--- INPUT DATA ---

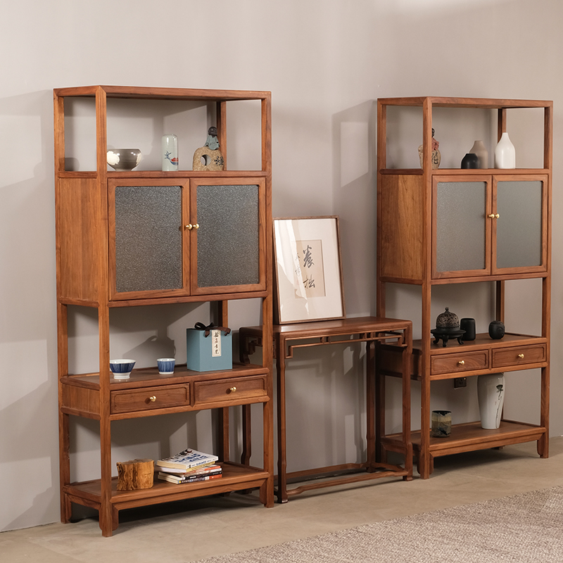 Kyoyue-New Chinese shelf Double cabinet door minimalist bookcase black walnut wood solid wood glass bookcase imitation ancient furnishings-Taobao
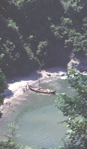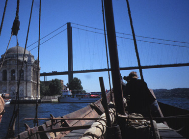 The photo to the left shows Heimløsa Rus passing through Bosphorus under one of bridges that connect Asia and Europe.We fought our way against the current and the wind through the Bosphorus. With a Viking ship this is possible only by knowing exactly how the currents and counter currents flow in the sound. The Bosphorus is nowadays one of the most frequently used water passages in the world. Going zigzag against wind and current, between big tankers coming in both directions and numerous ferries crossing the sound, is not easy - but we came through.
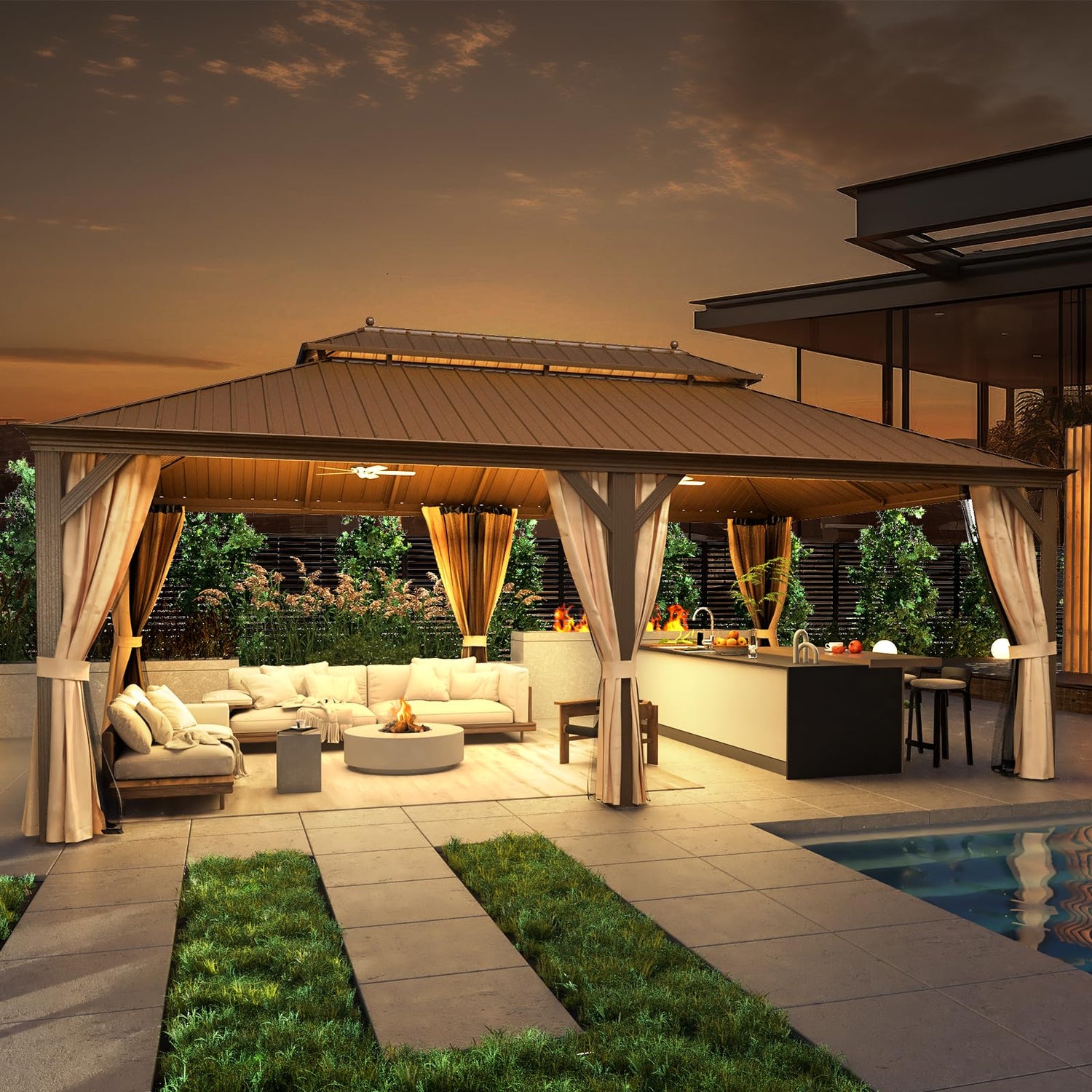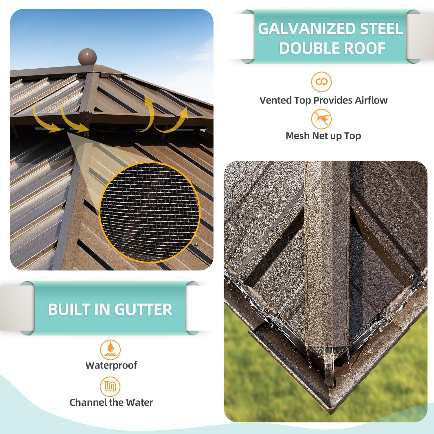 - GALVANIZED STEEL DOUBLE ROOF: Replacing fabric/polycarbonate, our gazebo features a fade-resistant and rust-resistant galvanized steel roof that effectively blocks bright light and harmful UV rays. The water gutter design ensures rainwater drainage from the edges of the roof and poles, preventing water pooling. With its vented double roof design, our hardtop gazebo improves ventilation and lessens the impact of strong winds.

---
--- INPUT DATA ---

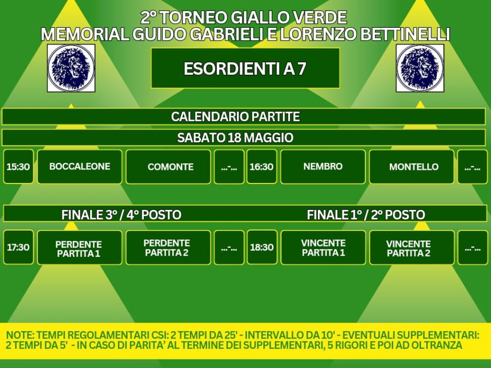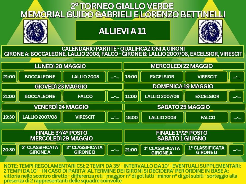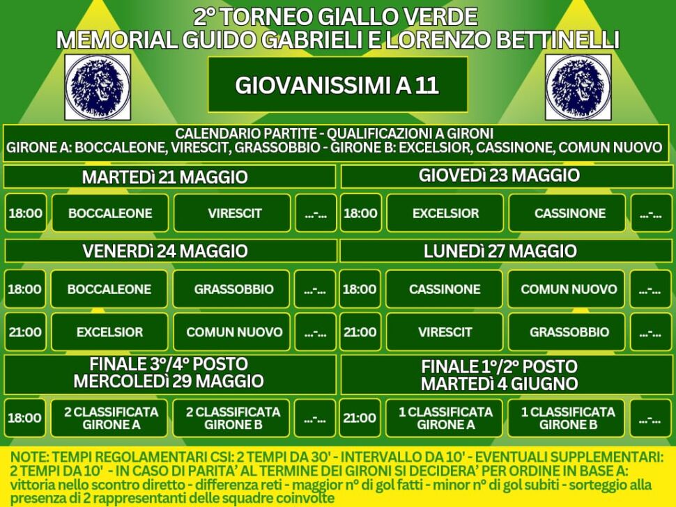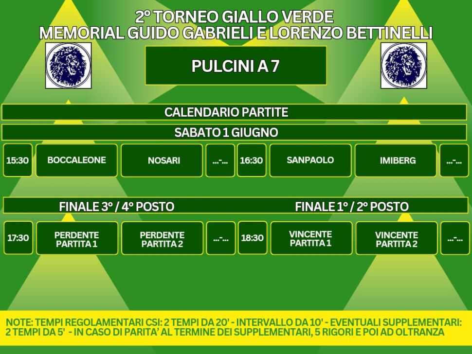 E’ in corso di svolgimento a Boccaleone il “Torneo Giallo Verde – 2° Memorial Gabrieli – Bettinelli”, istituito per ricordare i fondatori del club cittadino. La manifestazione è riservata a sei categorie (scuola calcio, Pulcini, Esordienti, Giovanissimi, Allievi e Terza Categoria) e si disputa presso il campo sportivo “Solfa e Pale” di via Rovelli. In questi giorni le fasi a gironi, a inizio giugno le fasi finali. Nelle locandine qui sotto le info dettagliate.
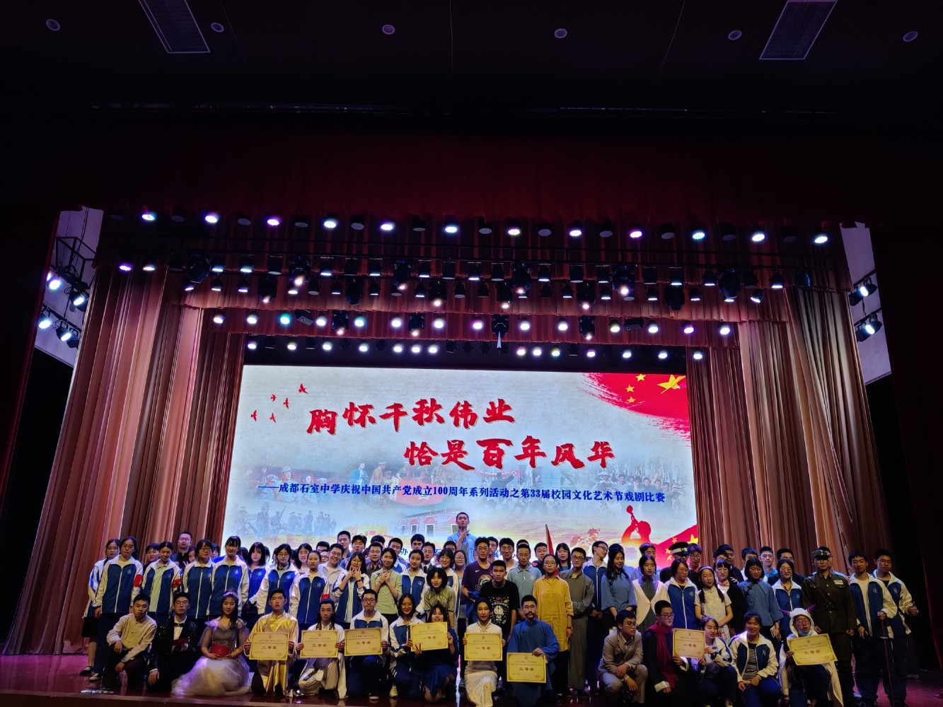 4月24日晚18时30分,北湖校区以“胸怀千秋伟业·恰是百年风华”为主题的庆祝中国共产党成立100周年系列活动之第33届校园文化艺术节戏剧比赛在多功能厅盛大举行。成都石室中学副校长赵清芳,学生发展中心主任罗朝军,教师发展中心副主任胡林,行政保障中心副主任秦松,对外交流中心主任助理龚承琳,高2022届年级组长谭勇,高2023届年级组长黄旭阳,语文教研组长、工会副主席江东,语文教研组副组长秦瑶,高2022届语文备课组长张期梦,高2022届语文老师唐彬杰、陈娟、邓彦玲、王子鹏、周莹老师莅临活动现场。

---
--- INPUT DATA ---

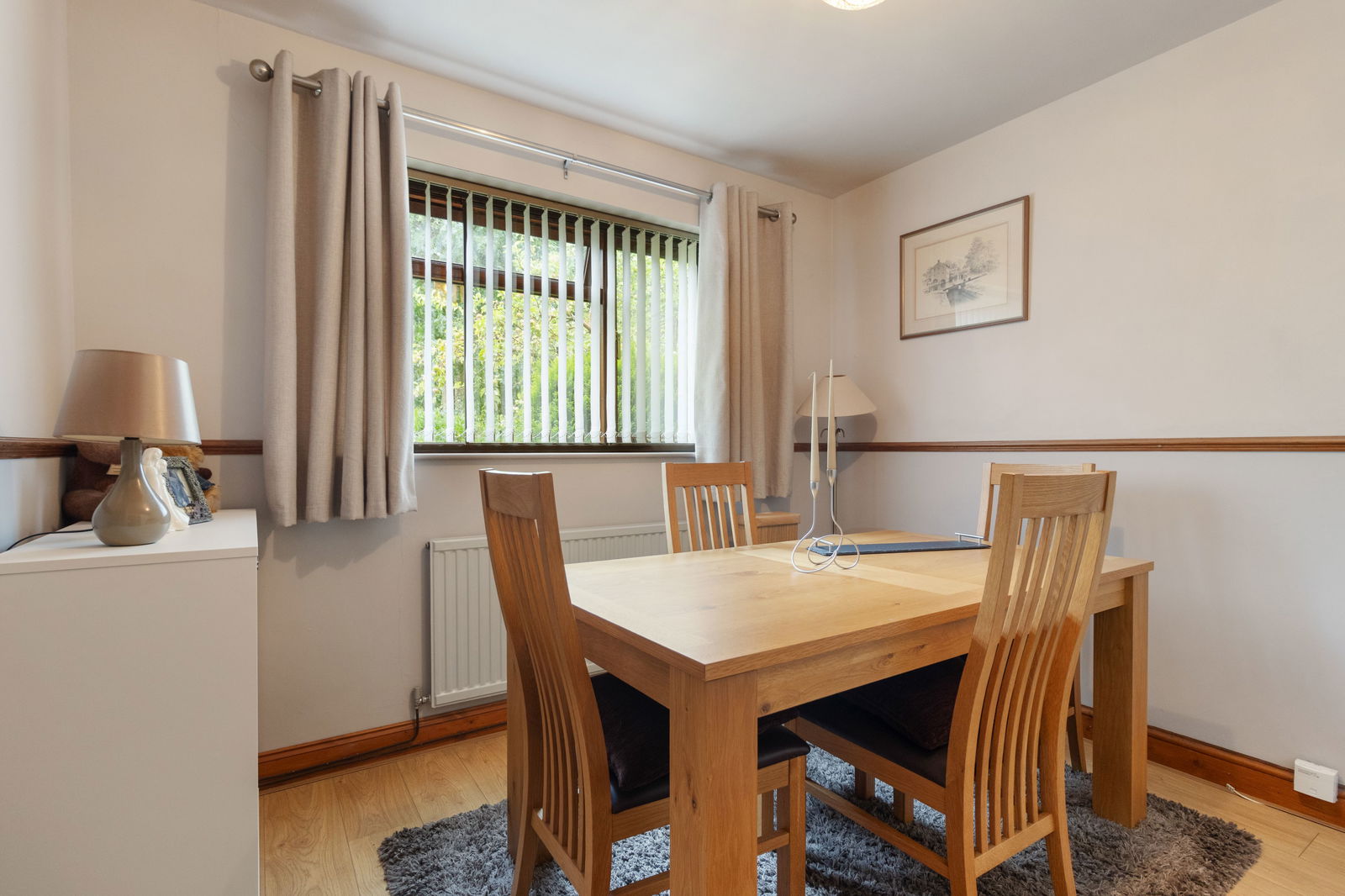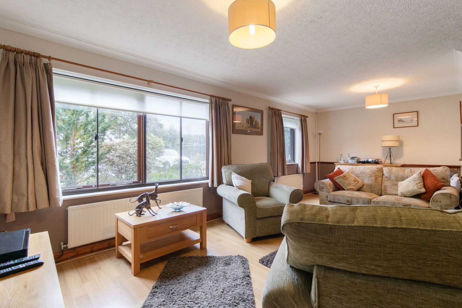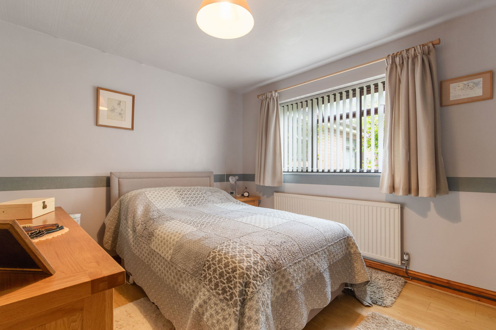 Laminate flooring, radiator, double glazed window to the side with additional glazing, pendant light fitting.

---

| REQUIRED WORK |
Taking the records above, print only and exactly the lines from the line with "E’ in corso" to the line with "4月24日晚18时30分,北", both kept, and exclude pictures.

| RESULT OF THE EXERCISE |
 E’ in corso di svolgimento a Boccaleone il “Torneo Giallo Verde – 2° Memorial Gabrieli – Bettinelli”, istituito per ricordare i fondatori del club cittadino. La manifestazione è riservata a sei categorie (scuola calcio, Pulcini, Esordienti, Giovanissimi, Allievi e Terza Categoria) e si disputa presso il campo sportivo “Solfa e Pale” di via Rovelli. In questi giorni le fasi a gironi, a inizio giugno le fasi finali. Nelle locandine qui sotto le info dettagliate.
 4月24日晚18时30分,北湖校区以“胸怀千秋伟业·恰是百年风华”为主题的庆祝中国共产党成立100周年系列活动之第33届校园文化艺术节戏剧比赛在多功能厅盛大举行。成都石室中学副校长赵清芳,学生发展中心主任罗朝军,教师发展中心副主任胡林,行政保障中心副主任秦松,对外交流中心主任助理龚承琳,高2022届年级组长谭勇,高2023届年级组长黄旭阳,语文教研组长、工会副主席江东,语文教研组副组长秦瑶,高2022届语文备课组长张期梦,高2022届语文老师唐彬杰、陈娟、邓彦玲、王子鹏、周莹老师莅临活动现场。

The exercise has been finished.